* Your task
In the records below, find the line with "Navigating in the", then retype it and every following line exactly, stopping after the line with "新1年生のために、最高学年の". Leave the pictures out.

[Opening Material for the task section]

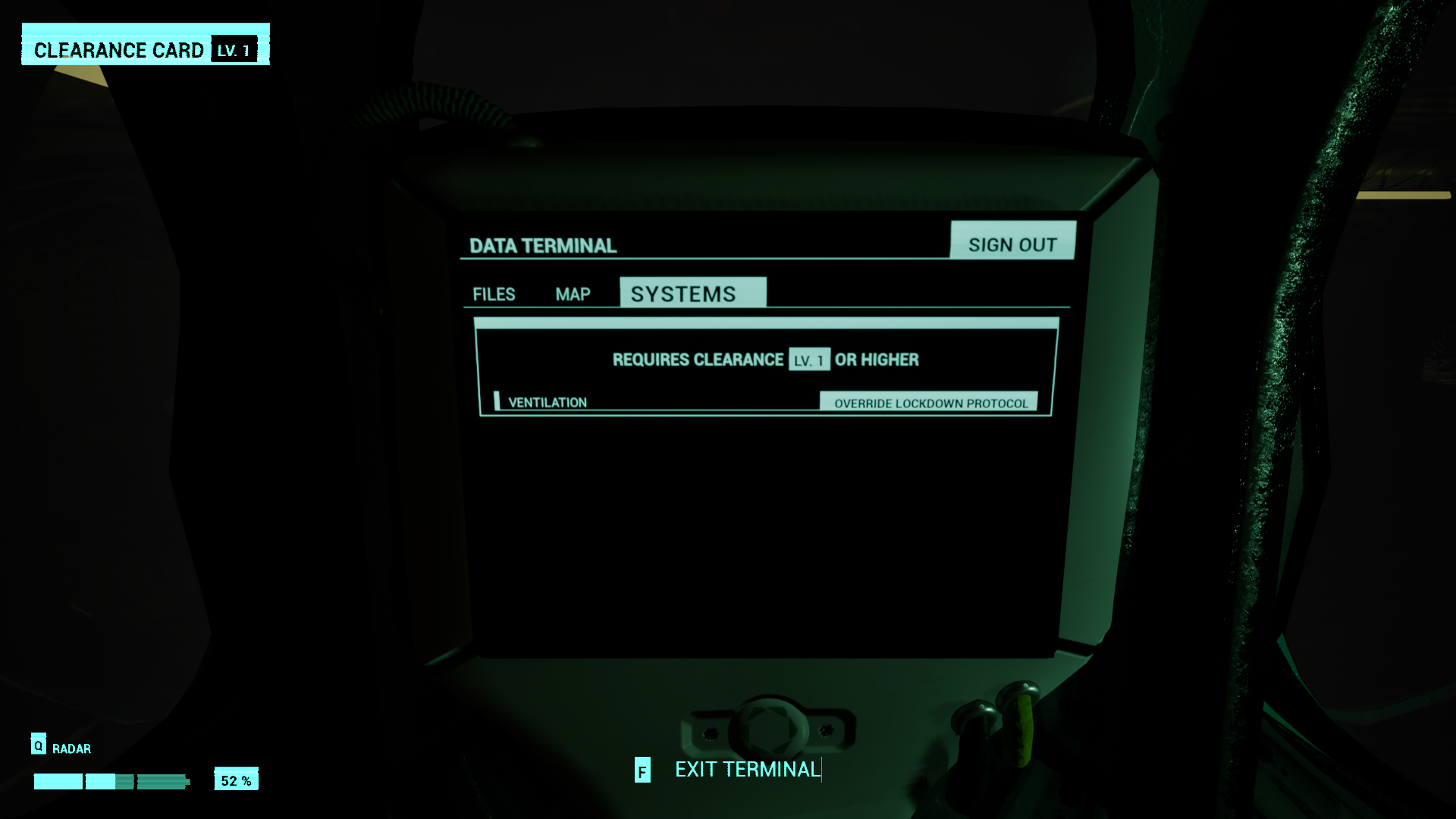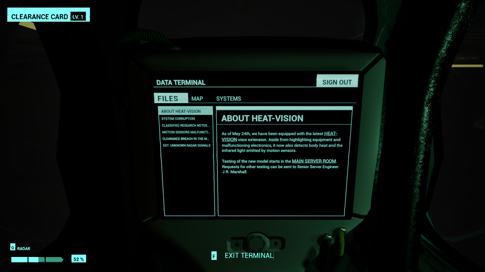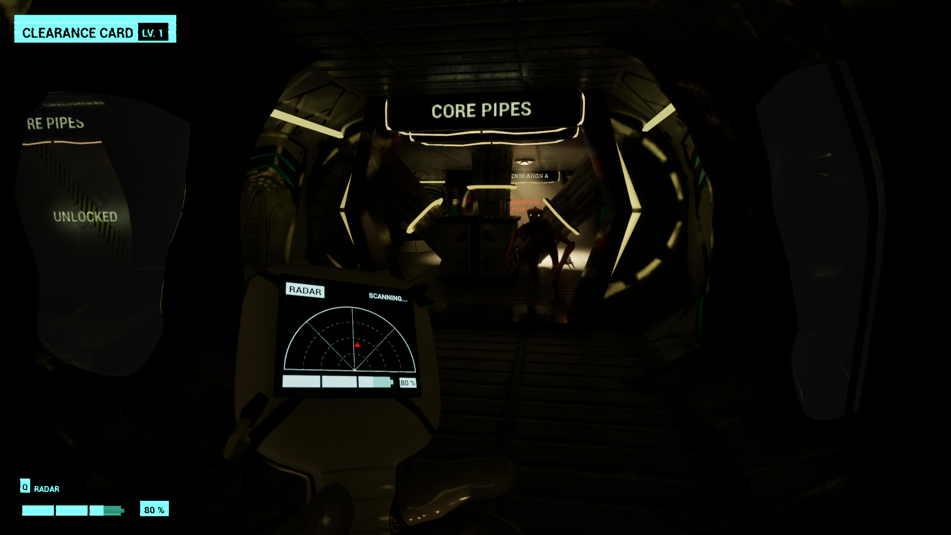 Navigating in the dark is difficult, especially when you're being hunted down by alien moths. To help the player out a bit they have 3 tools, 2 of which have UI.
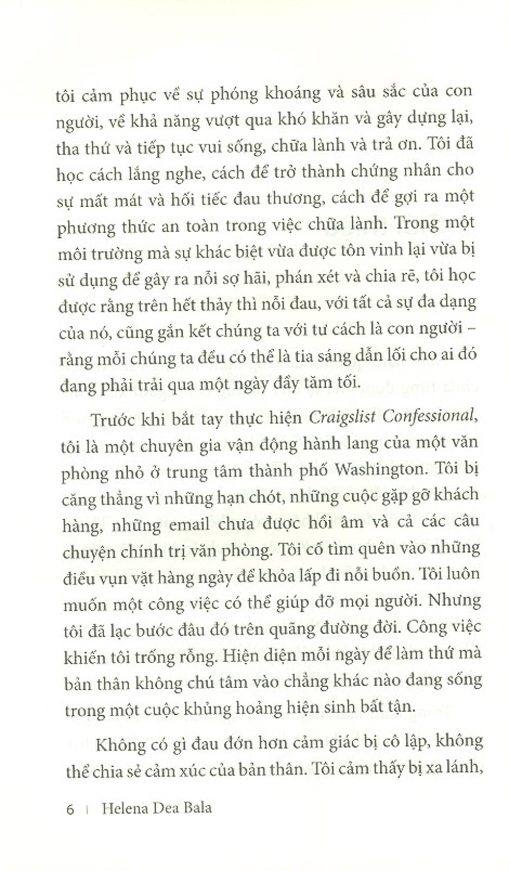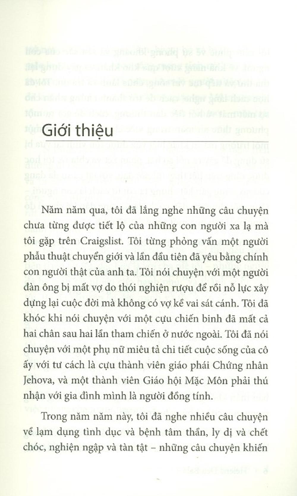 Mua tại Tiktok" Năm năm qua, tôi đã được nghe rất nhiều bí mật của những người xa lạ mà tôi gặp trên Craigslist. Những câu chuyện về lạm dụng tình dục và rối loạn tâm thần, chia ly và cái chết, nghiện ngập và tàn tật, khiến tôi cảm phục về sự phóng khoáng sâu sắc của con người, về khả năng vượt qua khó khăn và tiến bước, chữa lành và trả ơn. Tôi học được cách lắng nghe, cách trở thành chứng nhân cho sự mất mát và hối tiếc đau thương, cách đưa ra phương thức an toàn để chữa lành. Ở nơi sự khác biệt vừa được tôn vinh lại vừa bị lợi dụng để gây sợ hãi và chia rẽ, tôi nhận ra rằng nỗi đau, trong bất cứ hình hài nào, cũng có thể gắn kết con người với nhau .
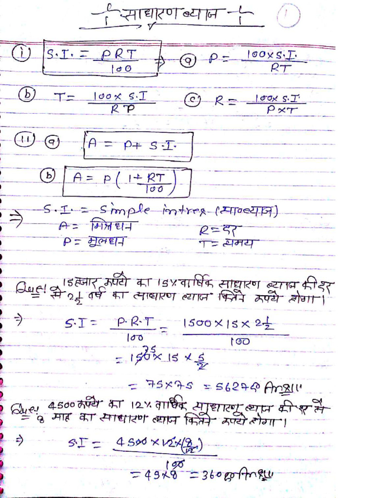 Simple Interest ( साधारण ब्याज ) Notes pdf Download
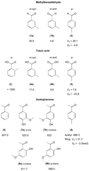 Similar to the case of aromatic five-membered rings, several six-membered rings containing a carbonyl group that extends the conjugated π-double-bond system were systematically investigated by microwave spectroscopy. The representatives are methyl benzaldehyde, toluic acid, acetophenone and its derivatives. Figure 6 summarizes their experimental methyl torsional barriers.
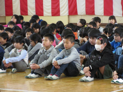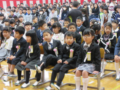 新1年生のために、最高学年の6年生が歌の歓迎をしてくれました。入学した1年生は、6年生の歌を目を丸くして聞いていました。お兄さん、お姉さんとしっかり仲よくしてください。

[Closing Material for the task section]
[Opening Material for the task section]

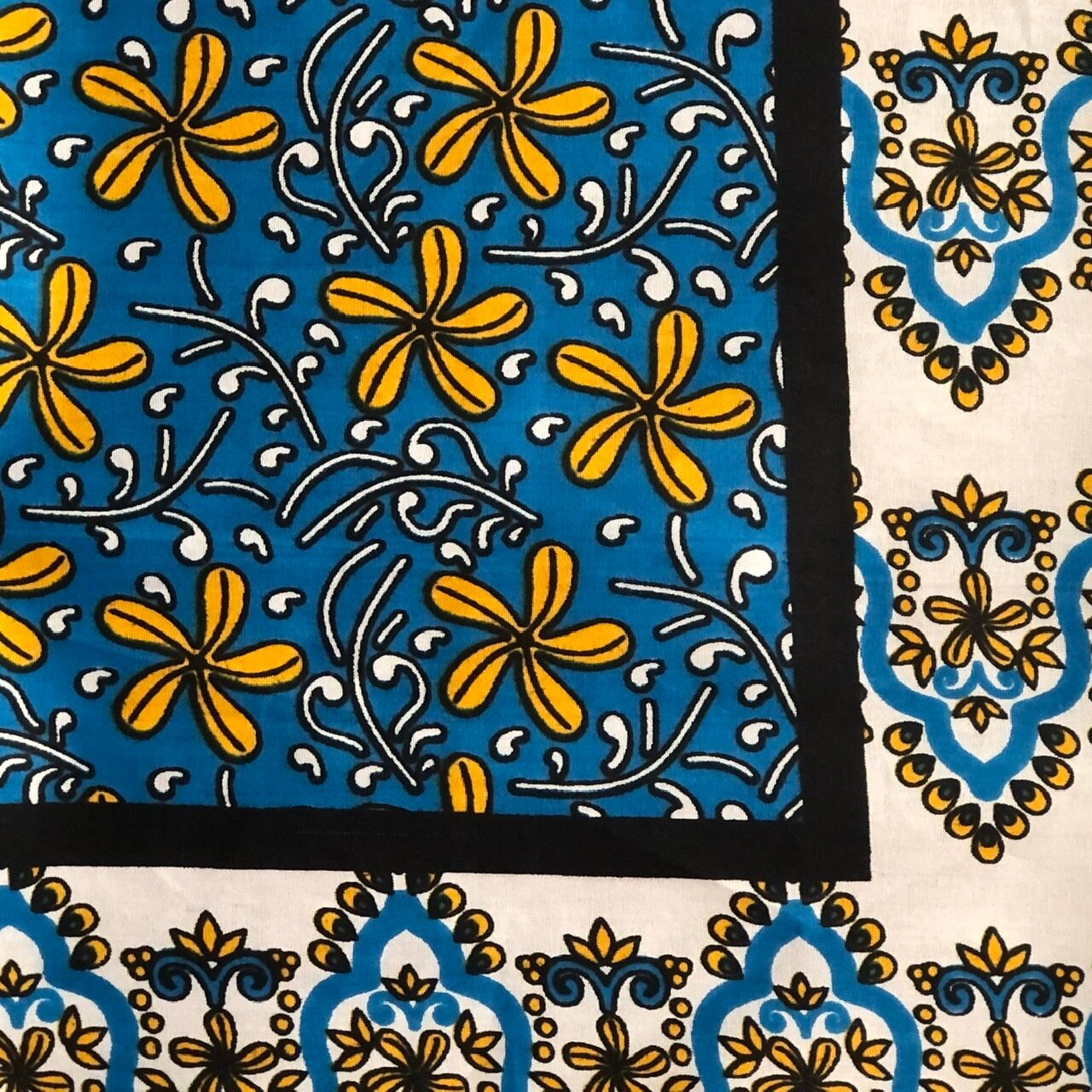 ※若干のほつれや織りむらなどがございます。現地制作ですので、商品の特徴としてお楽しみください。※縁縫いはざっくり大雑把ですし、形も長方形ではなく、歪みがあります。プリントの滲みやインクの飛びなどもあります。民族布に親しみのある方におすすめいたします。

[Closing Material for the task section]
[Opening Material for the task section]

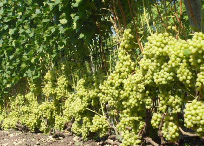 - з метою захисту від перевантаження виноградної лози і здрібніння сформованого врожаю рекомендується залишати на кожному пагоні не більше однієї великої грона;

[Closing Material for the task section]

* Expected output
 Navigating in the dark is difficult, especially when you're being hunted down by alien moths. To help the player out a bit they have 3 tools, 2 of which have UI.
 Mua tại Tiktok" Năm năm qua, tôi đã được nghe rất nhiều bí mật của những người xa lạ mà tôi gặp trên Craigslist. Những câu chuyện về lạm dụng tình dục và rối loạn tâm thần, chia ly và cái chết, nghiện ngập và tàn tật, khiến tôi cảm phục về sự phóng khoáng sâu sắc của con người, về khả năng vượt qua khó khăn và tiến bước, chữa lành và trả ơn. Tôi học được cách lắng nghe, cách trở thành chứng nhân cho sự mất mát và hối tiếc đau thương, cách đưa ra phương thức an toàn để chữa lành. Ở nơi sự khác biệt vừa được tôn vinh lại vừa bị lợi dụng để gây sợ hãi và chia rẽ, tôi nhận ra rằng nỗi đau, trong bất cứ hình hài nào, cũng có thể gắn kết con người với nhau .
 Simple Interest ( साधारण ब्याज ) Notes pdf Download
 Similar to the case of aromatic five-membered rings, several six-membered rings containing a carbonyl group that extends the conjugated π-double-bond system were systematically investigated by microwave spectroscopy. The representatives are methyl benzaldehyde, toluic acid, acetophenone and its derivatives. Figure 6 summarizes their experimental methyl torsional barriers.
 新1年生のために、最高学年の6年生が歌の歓迎をしてくれました。入学した1年生は、6年生の歌を目を丸くして聞いていました。お兄さん、お姉さんとしっかり仲よくしてください。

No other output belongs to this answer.